# What you have to do
With the pictures left out, every record must be reproduced exactly.
--- Data in this exercise Enclosed Below ---
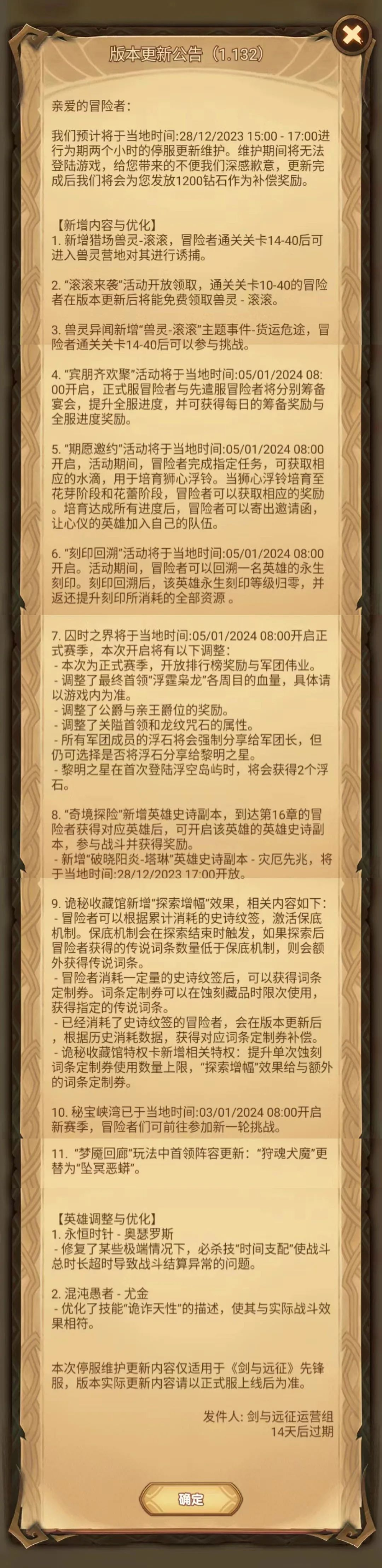 -新增“破晓阳炎-塔琳”英雄史诗副本-灾厄先兆,将于当地时间:28/12/2023 17:00开放。
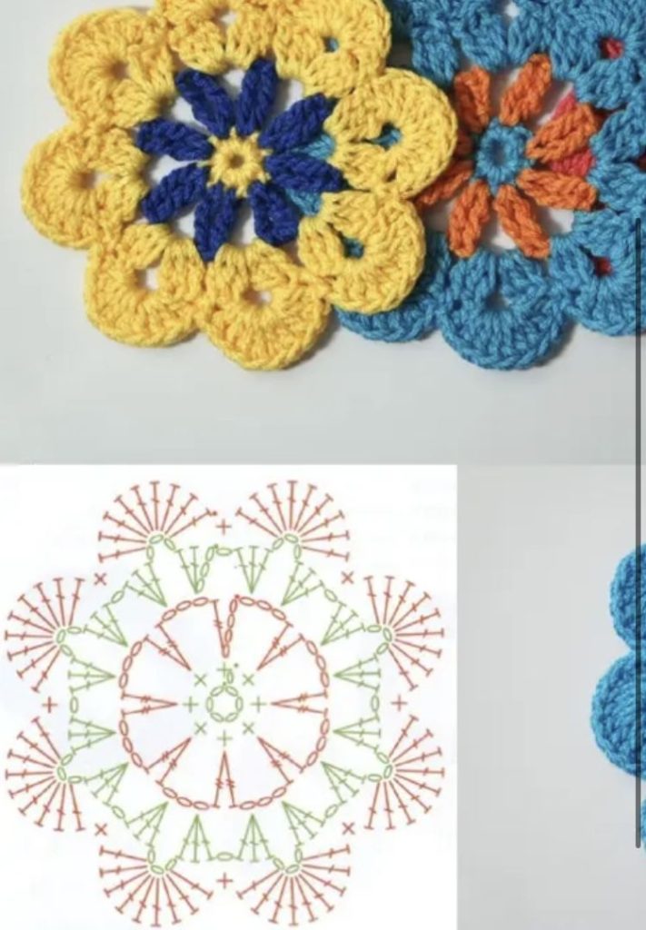 The construction of the Colorful flower coaster – Pattern usually begins at the center, working outward in rounds to form the flower shape.
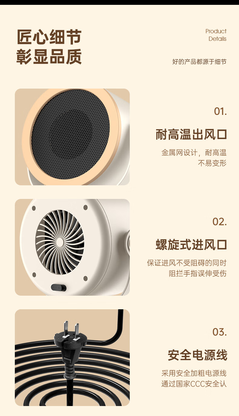 Xiaomi grain series heater small home desktop office instant heater dormitory portable heater off-white upgraded corrugated heating
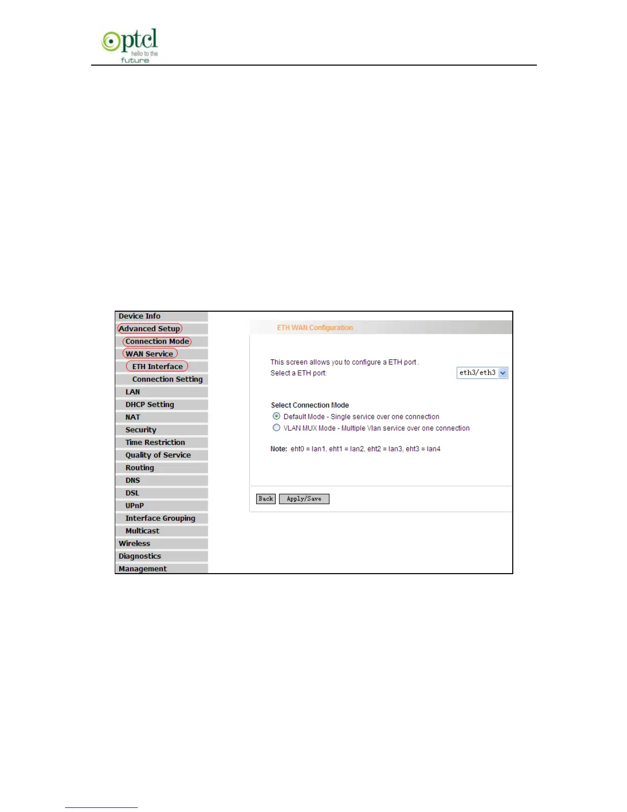 To enter the ETH Interface page, click ―Advanced Setup‖---―Connection
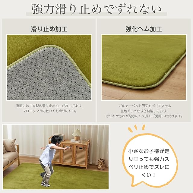 【滑り止め加工】裏面にはゴム製の滑り止め加工が施してあり、フローリングに敷いても滑りにくく、お子さまやお年寄りのいるご家庭でも安心です。ヘムの厚みを補強しているので、形が崩れにくいです。
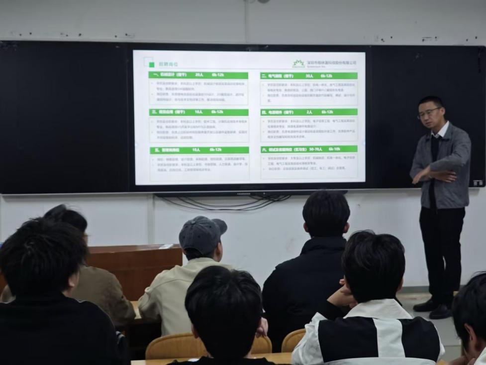 宣讲会上,陈海兵先生详细梳理了深圳市格林晟科技股份有限公司的发展脉络、核心业务布局与行业发展前景,让在场学子对企业实力建立起全面认知。他重点解读了本次校招的核心信息:从岗位设置、任职要求,到完善的薪酬福利体系,再到系统化的人才培养计划——涵盖新人入职培训、阶段性能力提升、中长期职业晋升通道等全流程培育环节,全方位展现了企业对青年人才的重视与培养诚意。宣讲结束后,同学们踊跃与招聘团队展开深入交流,主动分享自身专业能力与实践经历,积极争取求职机会,现场互动氛围热烈。
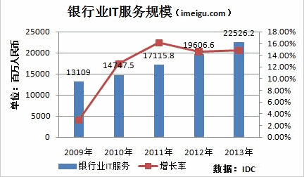 IDC的統(tǒng)計數(shù)據(jù)還顯示,銀行業(yè)IT服務(wù)市場規(guī)模將從2009年的131億元增長到225億元;實現(xiàn)14.5%的復(fù)合增長。
--- End of Enclosed Data in this exercise ---
# Exercise output
 -新增“破晓阳炎-塔琳”英雄史诗副本-灾厄先兆,将于当地时间:28/12/2023 17:00开放。
 The construction of the Colorful flower coaster – Pattern usually begins at the center, working outward in rounds to form the flower shape.
 Xiaomi grain series heater small home desktop office instant heater dormitory portable heater off-white upgraded corrugated heating
 To enter the ETH Interface page, click ―Advanced Setup‖---―Connection
 【滑り止め加工】裏面にはゴム製の滑り止め加工が施してあり、フローリングに敷いても滑りにくく、お子さまやお年寄りのいるご家庭でも安心です。ヘムの厚みを補強しているので、形が崩れにくいです。
 宣讲会上,陈海兵先生详细梳理了深圳市格林晟科技股份有限公司的发展脉络、核心业务布局与行业发展前景,让在场学子对企业实力建立起全面认知。他重点解读了本次校招的核心信息:从岗位设置、任职要求,到完善的薪酬福利体系,再到系统化的人才培养计划——涵盖新人入职培训、阶段性能力提升、中长期职业晋升通道等全流程培育环节,全方位展现了企业对青年人才的重视与培养诚意。宣讲结束后,同学们踊跃与招聘团队展开深入交流,主动分享自身专业能力与实践经历,积极争取求职机会,现场互动氛围热烈。
 IDC的統(tǒng)計數(shù)據(jù)還顯示,銀行業(yè)IT服務(wù)市場規(guī)模將從2009年的131億元增長到225億元;實現(xiàn)14.5%的復(fù)合增長。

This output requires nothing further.